To a lesser degree, the research has also examined interpersonal variables in the soldier–spouse relationship that appears to have both antecedent and protective functions with regard to problems in the soldier’s postdeployment reintegration. Primary interpersonal variables found to be antecedent to reintegration problems include relational difficulties prior to deployment (Cigrang et al., 2014), infrequent communication during and after deployment (Rea, Behnke, Huff, & Allen, 2015), and a lack of shared commitment to a military lifestyle (Britt, Adler, & Castro, 2006). Conversely, spouses who have enjoyed a mutually satisfying predeployment relationship, who communicate frequently during the deployment period, and who share a commitment to being a part of the military culture have shown to be generally more resilient to the challenges of postdeployment reintegration (Balderrama-Durbin et al., 2015).

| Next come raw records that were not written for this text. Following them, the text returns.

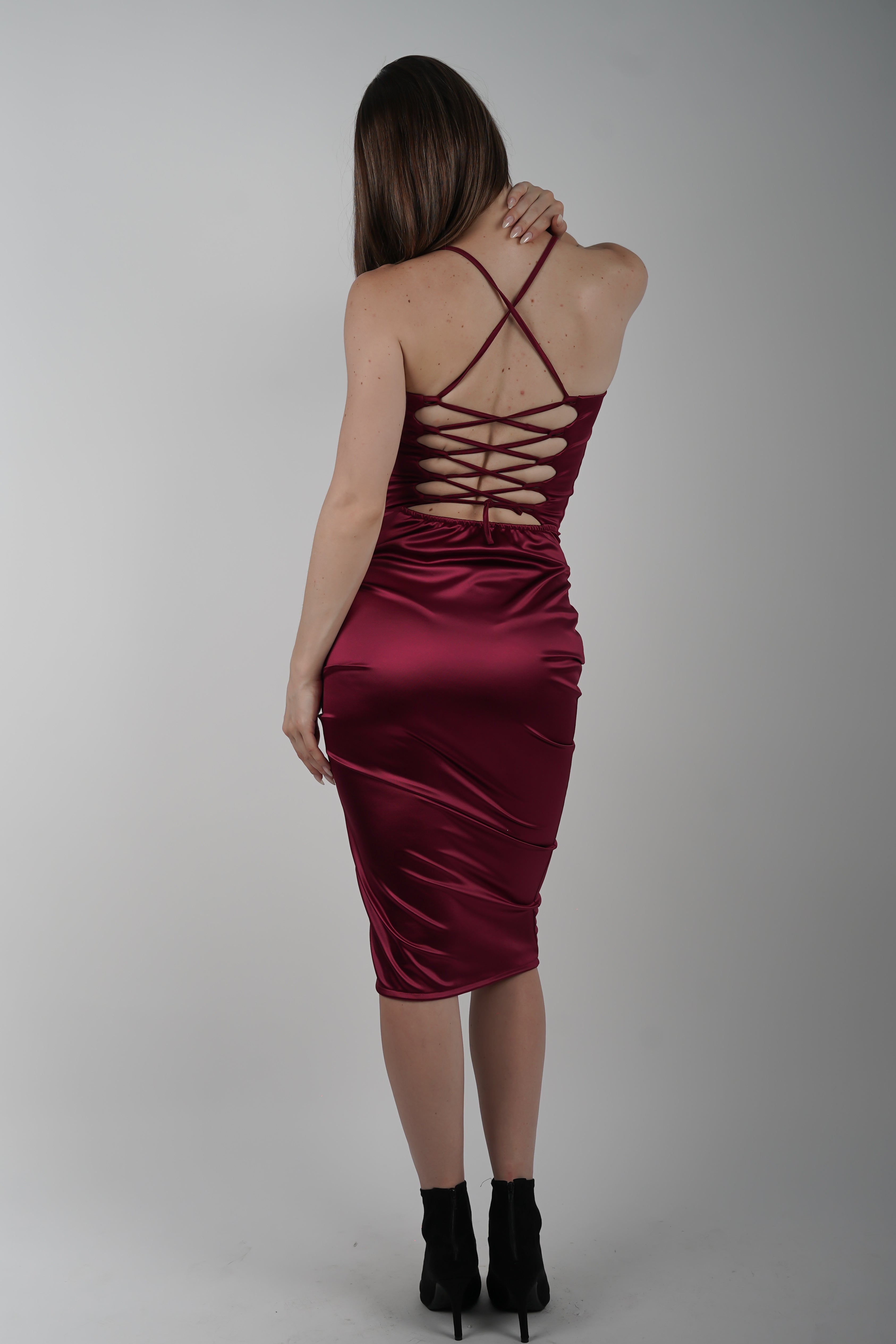 Vestido de edición limitada en satín con spandex, creado para brillar en las celebraciones de fin de año. Su caída favorecedora y ajuste multiagujas que se adapta al cuerpo moldean una silueta femenina estilo sirena. Una pieza especial satinada que te hará brillar y que te acompañará en tus mejores momentos.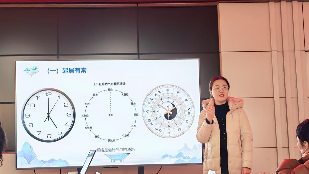 讲座围绕“体质辨识”“中医生活化养生方式”“中医药+文旅融合”三大模块系统展开。张倩老师首先引导大家进行体质辨识,详细介绍了九种体质的特征与表现,帮助职工从中医角度认识自身健康状态。随后,从“起居有常、饮食有节、适度运动”三个方面,系统介绍了中医生活化的养生方法。她结合十二经脉与作息规律,阐释了顺应自然的重要性;针对不同体质,推荐了相应的药膳食疗与茶饮方;现场带领大家体验了传统养生功法“八段锦”,并讲解了合谷等常用保健穴位的按摩方法,以及益肾强体的实用技巧,让职工在互动中感受中医养生的魅力。最后,基于“中医药+文旅”融合发展的前景,张老师提出了开发康养旅游路线、建设文化体验基地、开展中医研学活动、打造特色养生产品等四项合作建议,紧密结合青州本地中医药资源与旅游文化优势,为双方后续合作提供了清晰路径。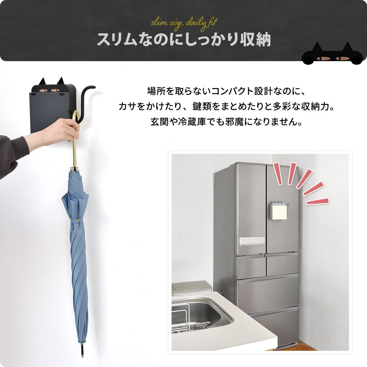 場所を取らないコンパクトでスリムな設計ながら、鍵類をまとめたり、傘を掛けたりなど、多彩な収納力を備えており、玄関や冷蔵庫での使用にも邪魔になりません。

Addressing Reintegration Difficulties
To address the intrapersonal threats to successful postdeployment reintegration, various medical and psychotherapeutic interventions have been applied to lessen the degree to which the returning soldier and his or her spouse each bring the deleterious influences of intrapersonal issues to their postdeployment marital relationship. Although too numerous and varied to describe in detail here, those interventions have generally tended to include individual and group counseling and psychotherapy, sometimes in combination with pharmacological treatments aimed at reducing problematic primary and secondary individual responses to trauma occurring as a result of military service and separation (Sundin, Fear, Iversen, Rona, & Wessly, 2010). For the 1 of 10 soldiers who have returned from deployment with serious physical injuries (Pew Research Center, 2011), the interventions have also aimed at helping them and their families deal with the physical and psychological challenges of disability.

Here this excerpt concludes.